- [Data supplied]
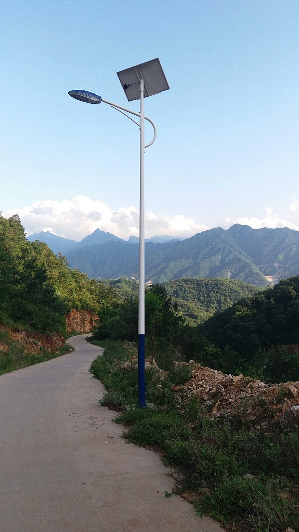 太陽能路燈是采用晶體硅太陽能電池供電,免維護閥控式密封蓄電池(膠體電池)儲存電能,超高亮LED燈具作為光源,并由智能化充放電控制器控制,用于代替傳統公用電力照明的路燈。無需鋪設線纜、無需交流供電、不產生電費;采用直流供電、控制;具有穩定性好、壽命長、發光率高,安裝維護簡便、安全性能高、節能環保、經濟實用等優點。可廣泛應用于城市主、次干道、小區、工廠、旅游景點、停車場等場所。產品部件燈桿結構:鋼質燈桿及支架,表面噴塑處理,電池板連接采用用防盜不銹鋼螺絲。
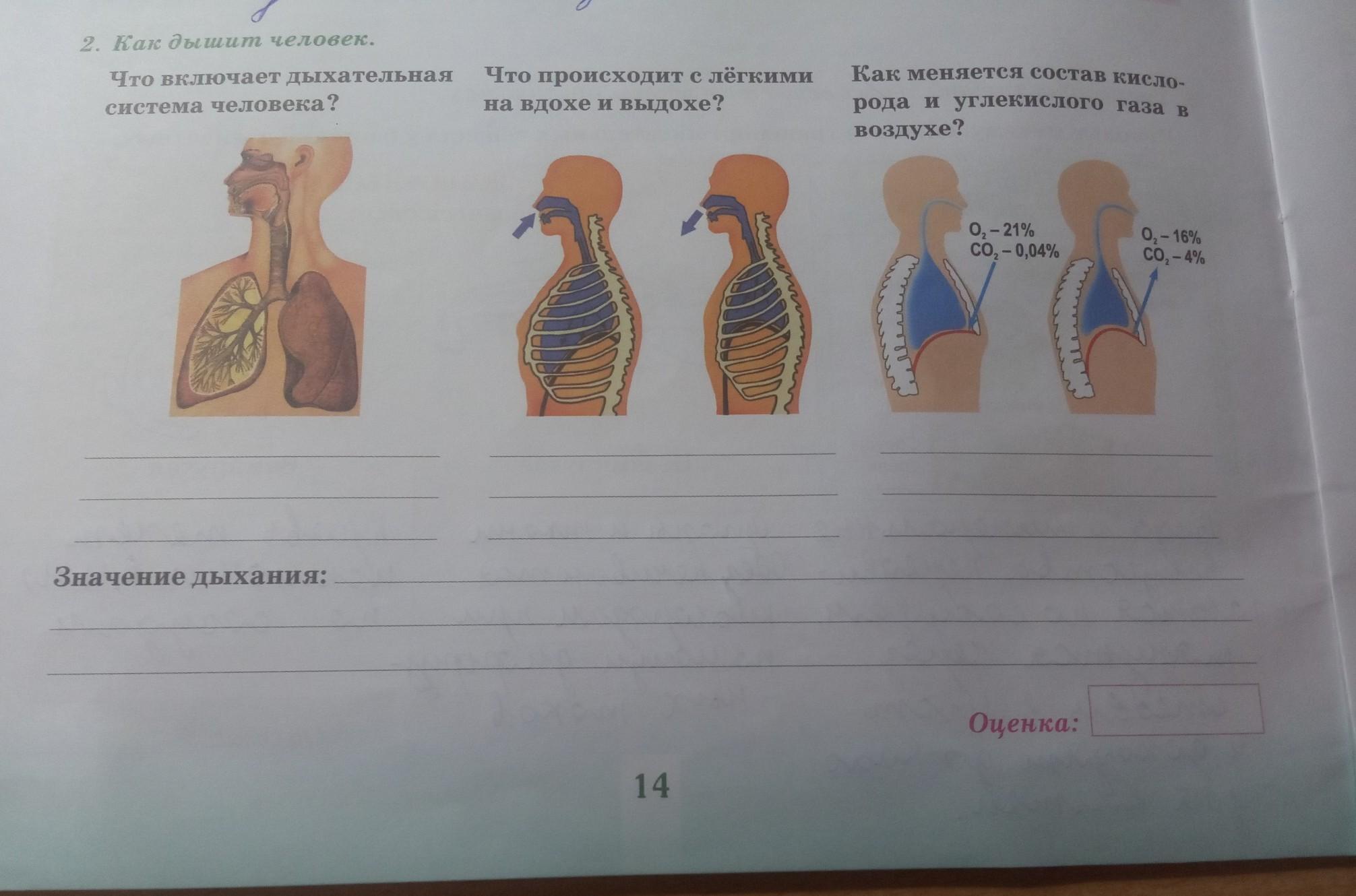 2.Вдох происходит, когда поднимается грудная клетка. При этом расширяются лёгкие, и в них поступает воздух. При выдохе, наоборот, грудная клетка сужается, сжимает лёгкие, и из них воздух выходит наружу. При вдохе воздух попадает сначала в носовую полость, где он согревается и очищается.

* * *

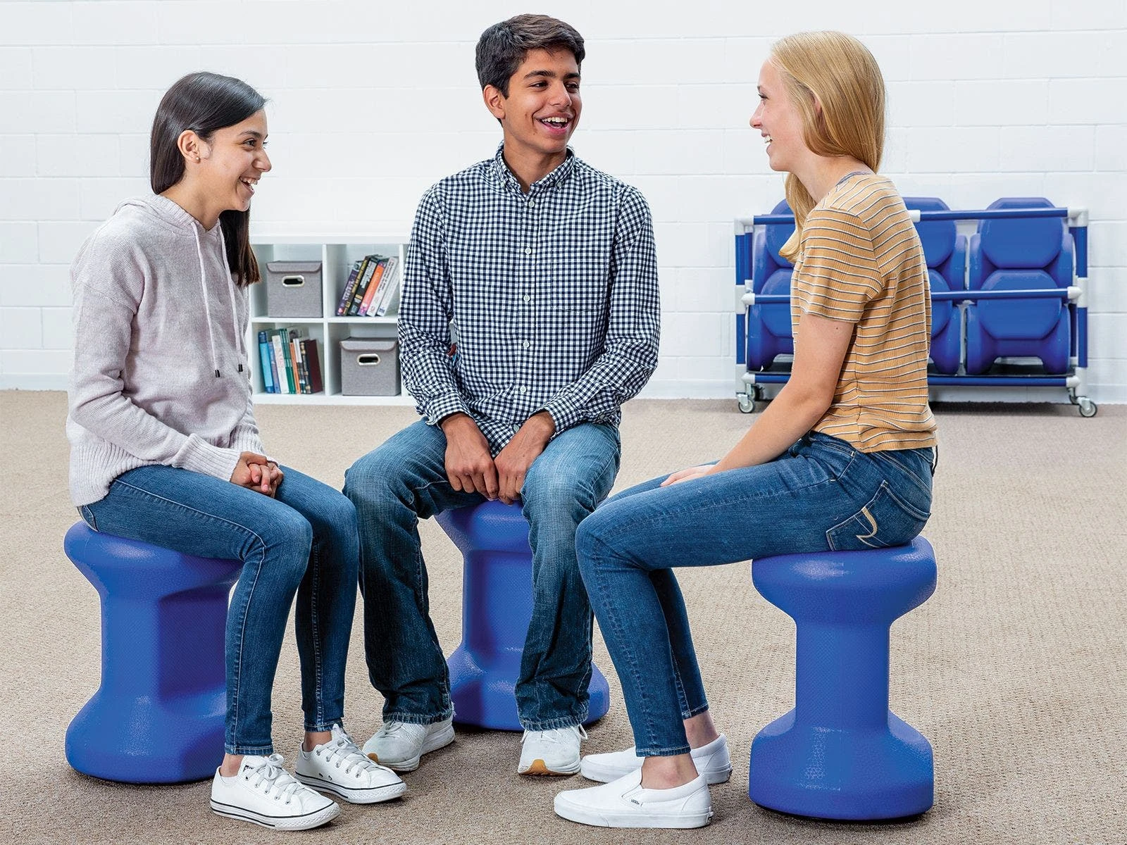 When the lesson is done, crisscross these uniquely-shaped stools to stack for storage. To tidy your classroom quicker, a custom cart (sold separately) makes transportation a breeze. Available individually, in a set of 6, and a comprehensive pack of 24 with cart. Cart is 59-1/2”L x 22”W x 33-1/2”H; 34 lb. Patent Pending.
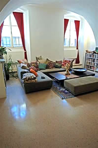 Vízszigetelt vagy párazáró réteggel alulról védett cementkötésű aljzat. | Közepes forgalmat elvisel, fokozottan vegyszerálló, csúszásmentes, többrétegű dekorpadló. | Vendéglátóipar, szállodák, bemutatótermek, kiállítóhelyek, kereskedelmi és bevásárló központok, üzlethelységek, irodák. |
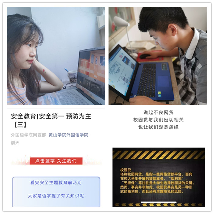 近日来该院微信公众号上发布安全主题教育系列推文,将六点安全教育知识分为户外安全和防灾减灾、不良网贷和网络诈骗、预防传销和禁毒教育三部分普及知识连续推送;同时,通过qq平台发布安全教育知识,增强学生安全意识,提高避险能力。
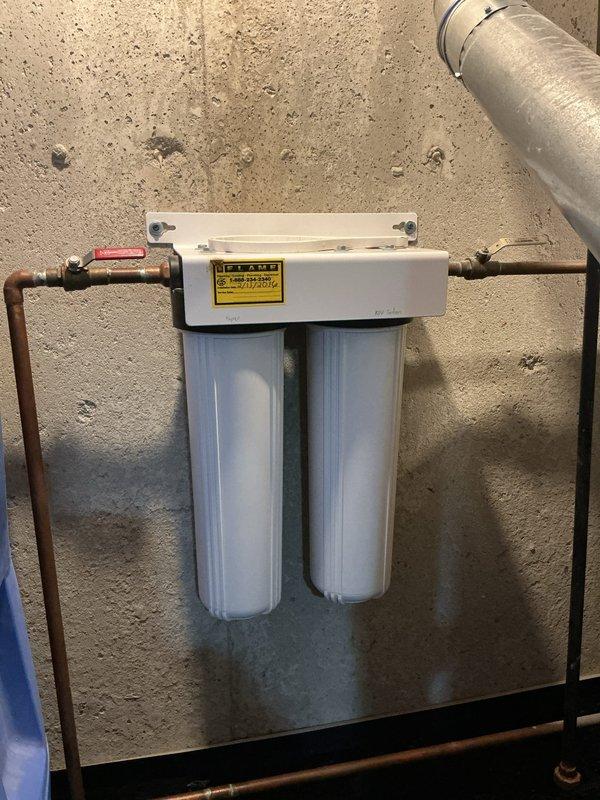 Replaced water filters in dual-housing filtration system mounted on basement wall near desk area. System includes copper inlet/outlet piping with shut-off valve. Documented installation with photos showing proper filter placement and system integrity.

--

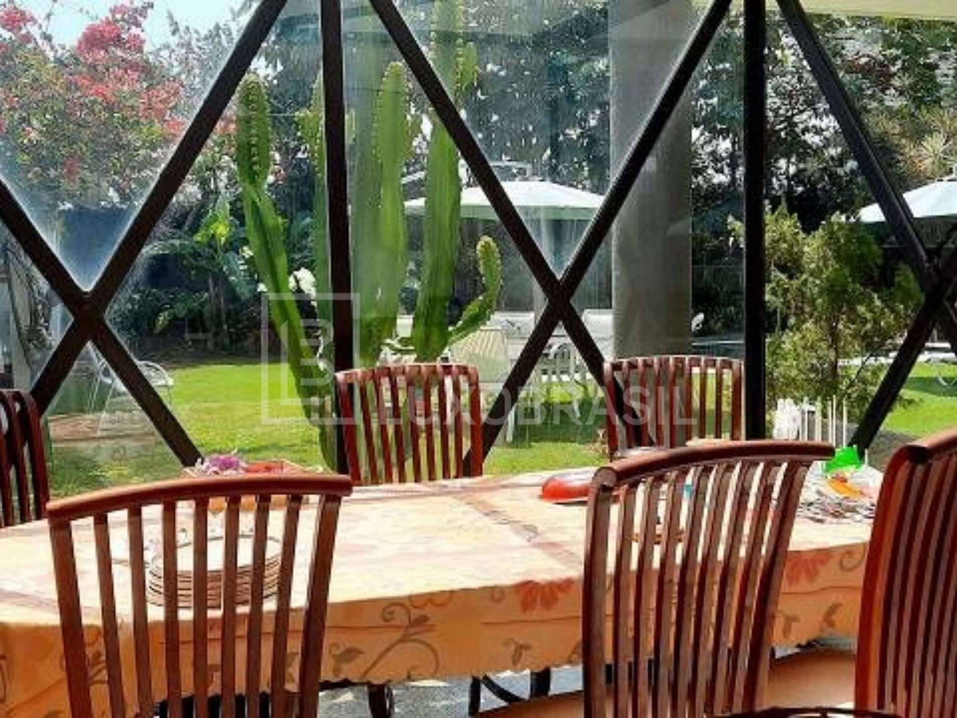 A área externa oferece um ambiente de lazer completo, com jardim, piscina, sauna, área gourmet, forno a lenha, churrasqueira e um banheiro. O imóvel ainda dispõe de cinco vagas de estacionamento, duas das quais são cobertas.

- [Work request] Using the records above, repeat exactly the run of lines that starts with the line with "太陽能路燈是采用晶體硅太陽能" and goes on through the line with "2.Вдох происходит, когда"; omit each picture.

- [Response below]
 太陽能路燈是采用晶體硅太陽能電池供電,免維護閥控式密封蓄電池(膠體電池)儲存電能,超高亮LED燈具作為光源,并由智能化充放電控制器控制,用于代替傳統公用電力照明的路燈。無需鋪設線纜、無需交流供電、不產生電費;采用直流供電、控制;具有穩定性好、壽命長、發光率高,安裝維護簡便、安全性能高、節能環保、經濟實用等優點。可廣泛應用于城市主、次干道、小區、工廠、旅游景點、停車場等場所。產品部件燈桿結構:鋼質燈桿及支架,表面噴塑處理,電池板連接采用用防盜不銹鋼螺絲。
 2.Вдох происходит, когда поднимается грудная клетка. При этом расширяются лёгкие, и в них поступает воздух. При выдохе, наоборот, грудная клетка сужается, сжимает лёгкие, и из них воздух выходит наружу. При вдохе воздух попадает сначала в носовую полость, где он согревается и очищается.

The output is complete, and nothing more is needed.